“No hide-and-seek games”: Appeals Court upholds RTIC order directing Open University to release exam answer scripts

Tuesday, 12 May 2026 06:05 -     - {{hitsCtrl.values.hits}}

  • Court of Appeal rules Open University cannot deny student access to evaluated LLB selection test papers under RTI Act
  • Says transparency and accountability in higher education institutions are paramount considerations
  • Holds university by-laws cannot override provisions of Right to Information Act

The Court of Appeal has ruled that there can be no “hide-and-seek games” in higher education institutions as it upheld a Right to Information Commission (RTIC) determination directing the Open University of Sri Lanka to release a student’s evaluated answer scripts and marks from an LLB selection test under the Right to Information Act.

In a judgement delivered on 8 May, the Court dismissed a revision application filed by the Open University and members of its governing council challenging an RTIC order issued in November 2023. The Bench comprising Court of Appeal Judge R. Gurusinghe and Court of Appeal Judge Dr. Sumudu Premachandra held that the RTIC’s decision was “well founded” and could not be faulted.

The dispute arose after R.A. Janaka Roshan Ranasinghe sought access on behalf of his daughter, R.A.D. Sashindya Ranasinghe, to her answer scripts and marks relating to the Open University’s LLB selection examination conducted on 8 January 2023.

The university’s Information Officer and Designated Officer initially refused the request in July 2023 under Section 5(1)(l) of the Right to Information Act No. 12 of 2016, arguing that disclosure of examination-related material could compromise the integrity and confidentiality of the examination process.

However, after an appeal by the applicant, the RTIC directed the university on 28 November 2023 to release the requested information. The university subsequently sought revisionary relief from the Court of Appeal, contending that disclosure of answer scripts would reveal the nature and structure of the examination and undermine examination security.

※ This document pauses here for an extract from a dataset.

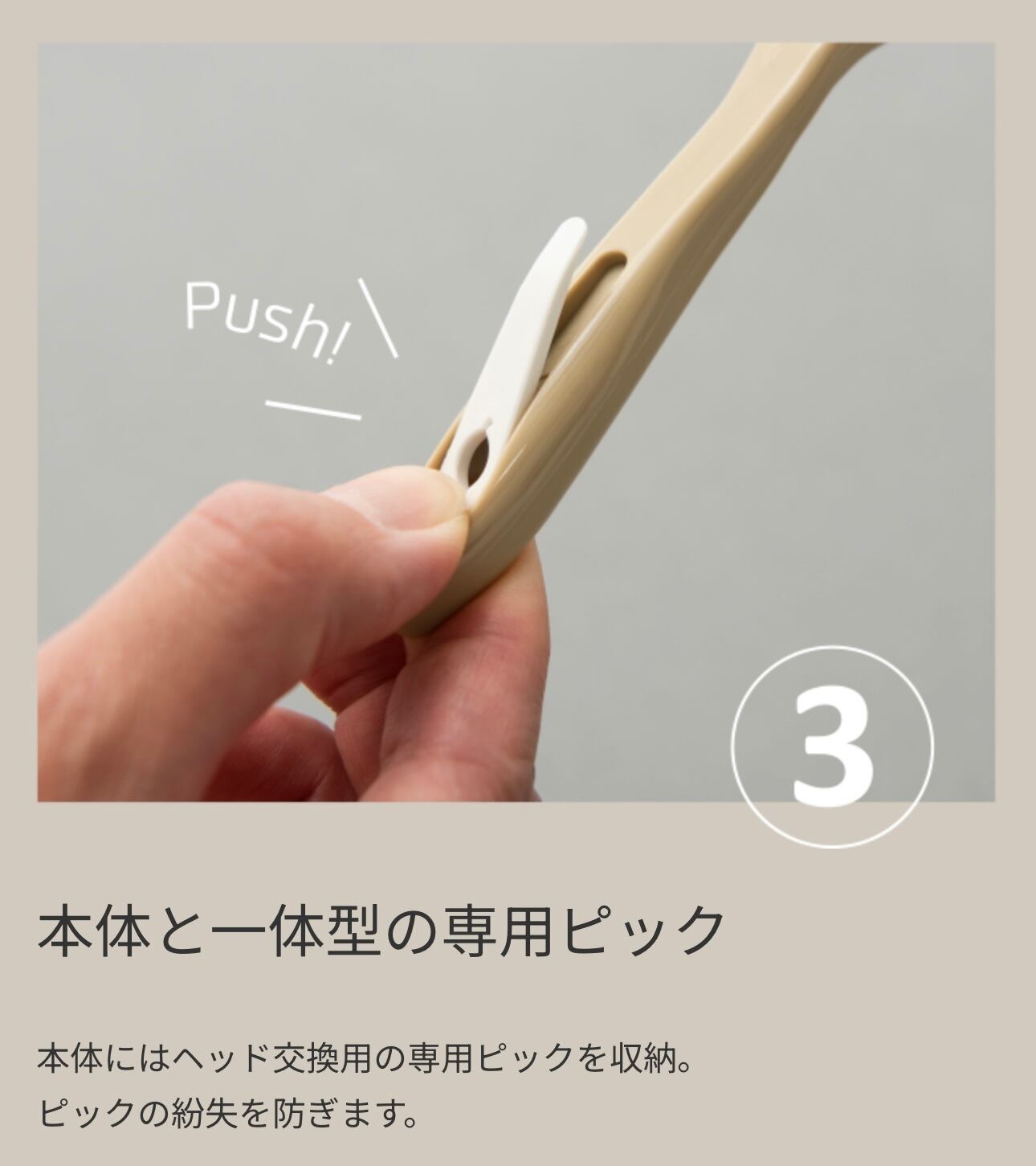 専用ピックを本体とヘッド部分の隙間に差し込むことで、簡単に取り外すことができます。本体と一体型の専用ピック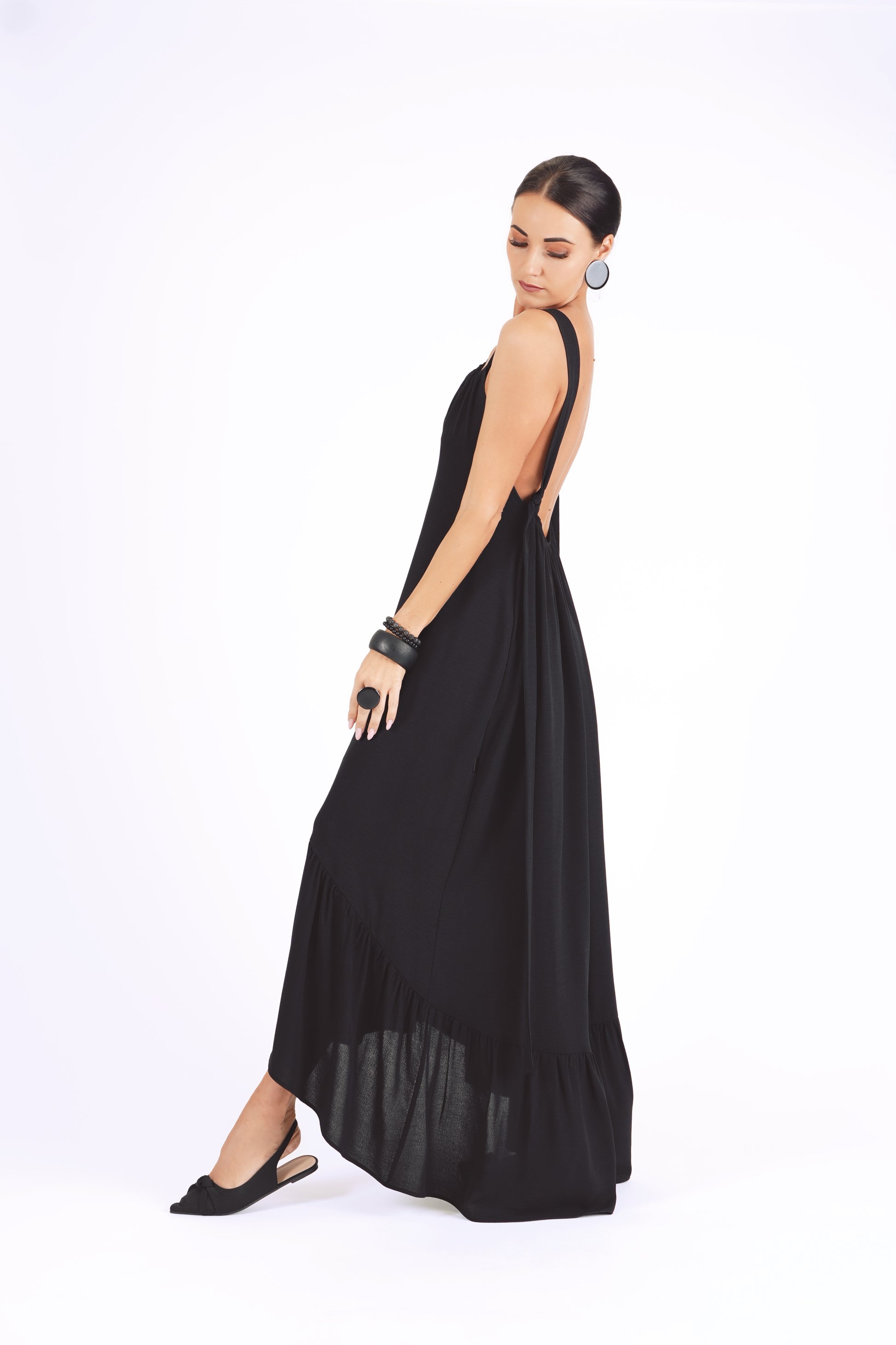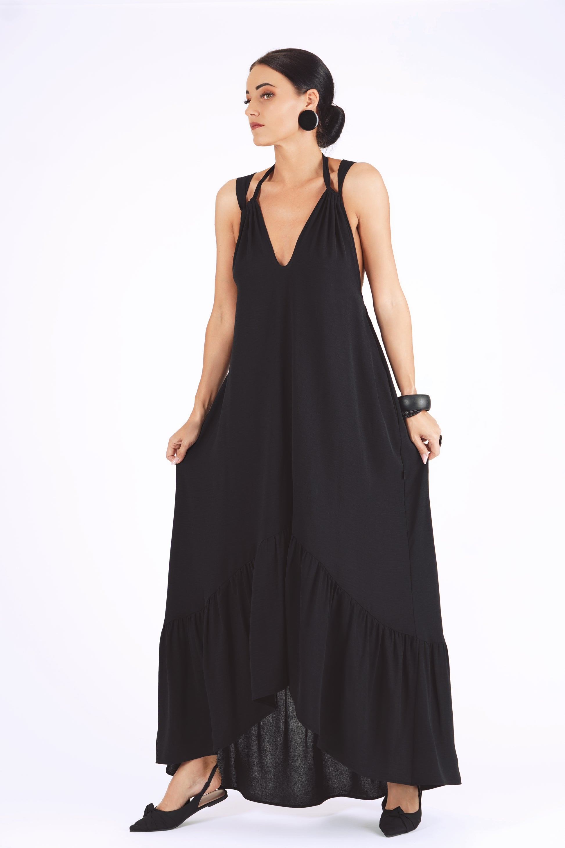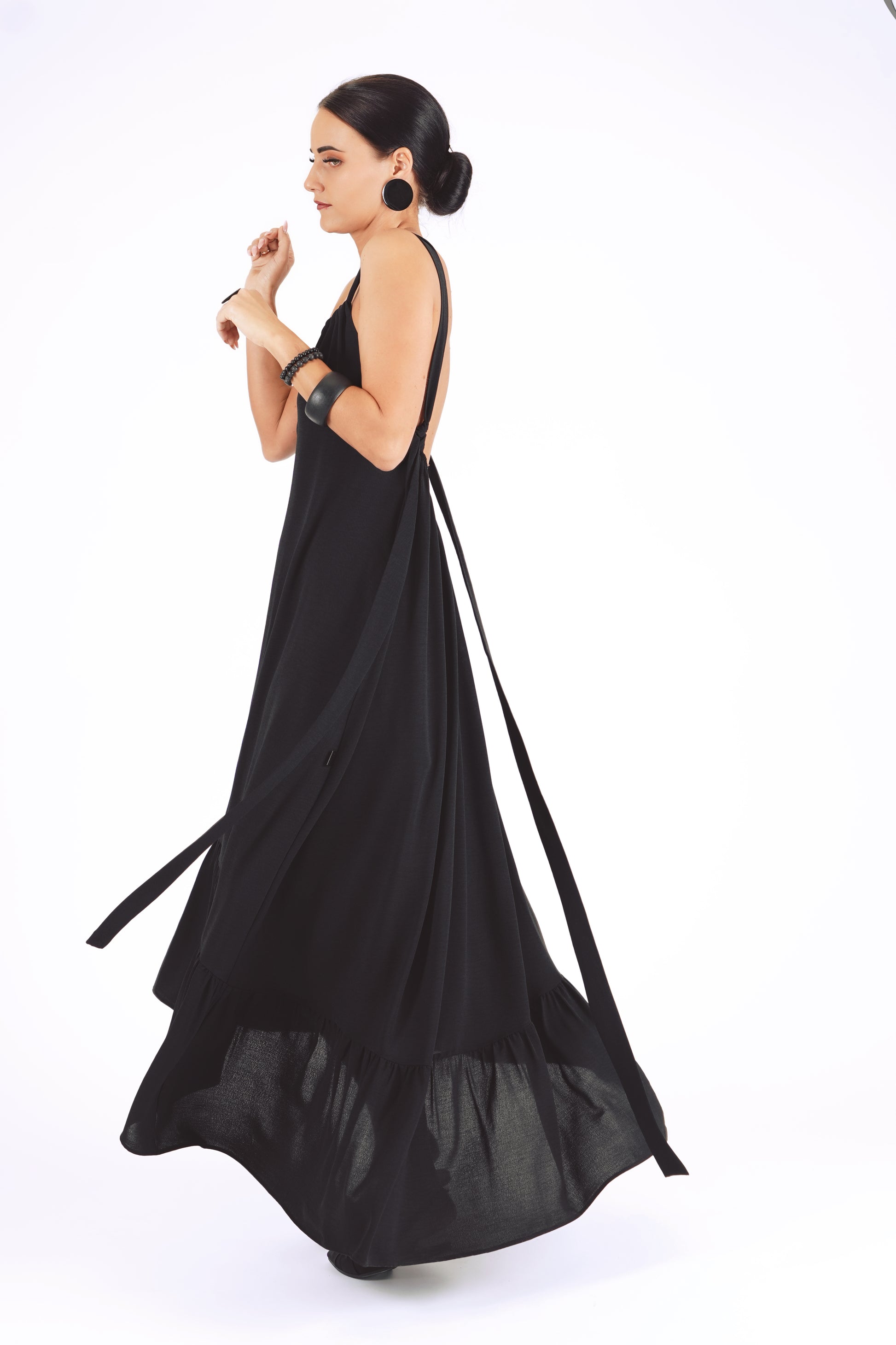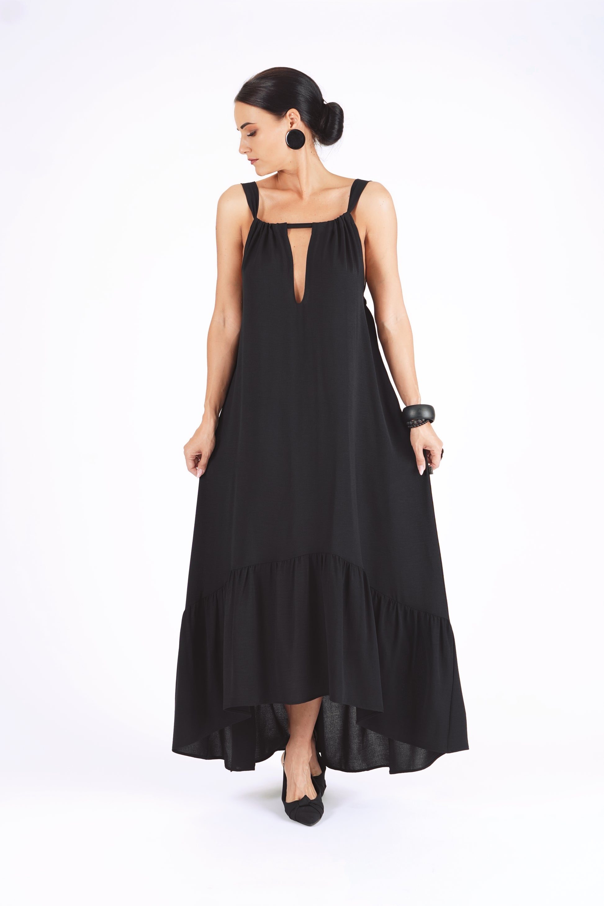 Gara volānkleita ar atsegtu muguras daļu un dekoltē šķēlumu

In its analysis, the Court examined Section 5(1)(l) of the RTI Act, which permits refusal of information where disclosure “would harm the integrity of an examination being conducted by the Department of Examination or a Higher Educational Institution”.

The judgement noted that the Sinhala text of the provision introduces an additional emphasis on confidentiality, but observed that there was no basis to deny an examinee access to their own answer script and the manner in which it had been evaluated.

“If a standard marking scheme were applied, to protect the integrity of the higher institution, it should be revealed. There cannot be hide-and-seek games in higher institutions, and transparency is a paramount consideration,” the Court said, while referring to Article 14A of the Constitution and the preamble to the RTI Act.

The Court also cited the earlier Court of Appeal ruling in Bank of Ceylon v. Right to Information Commission and S.M. Pasansani Anuradha, delivered in February 2024, where disclosure of examination-related information connected to a Bank of Ceylon recruitment examination was upheld on the grounds of public interest and transparency.

Drawing on Indian jurisprudence, the Bench referred to the Indian Supreme Court decision in CBSE v. Aditya Bandopadhyay, which recognised evaluated answer books as “information” under RTI legislation and held that examinees are entitled to inspect or obtain certified copies of their own evaluated scripts, subject to confidentiality protections relating to examiners.

The Court further cited the Indian Supreme Court ruling in Mradul Mishra v. UPSC Chairman, which held that permitting candidates to inspect answer sheets does not adversely affect the efficient operation of government institutions, while reiterating that examiner identities may remain confidential.

Importantly, the Court held that the Open University’s internal by-laws governing examinations could not supersede the RTI Act. Referring to Section 4 of the Act, the judgement stated that the legislation prevails over inconsistent provisions in any other written law.

“Thus, the University By-Laws suppressing the RTI has no force in law,” the Court said.

The judgement also addressed procedural issues relating to the university’s decision to invoke the Court’s revisionary jurisdiction instead of pursuing the statutory right of appeal available under Section 34(1) of the RTI Act.

The Bench observed that revisionary jurisdiction is discretionary and reserved for exceptional circumstances involving manifest injustice or miscarriage of justice. It found that the university had failed to demonstrate such exceptional circumstances and had not explained why it failed to pursue the ordinary appellate remedy available under the statute.

The Court cited several Sri Lankan authorities on the limited scope of revisionary jurisdiction, including Rustom v. Hapangama, Attorney General v. Podisingho, Indika Roshan Francis v. Bulathsinghalage Lal Cooray, and Sunil Chandra Kumara v. Veloo.

Concluding that the petitioners had not acted with due diligence and that the circumstances did not warrant intervention under revisionary powers, the Court dismissed the application without costs.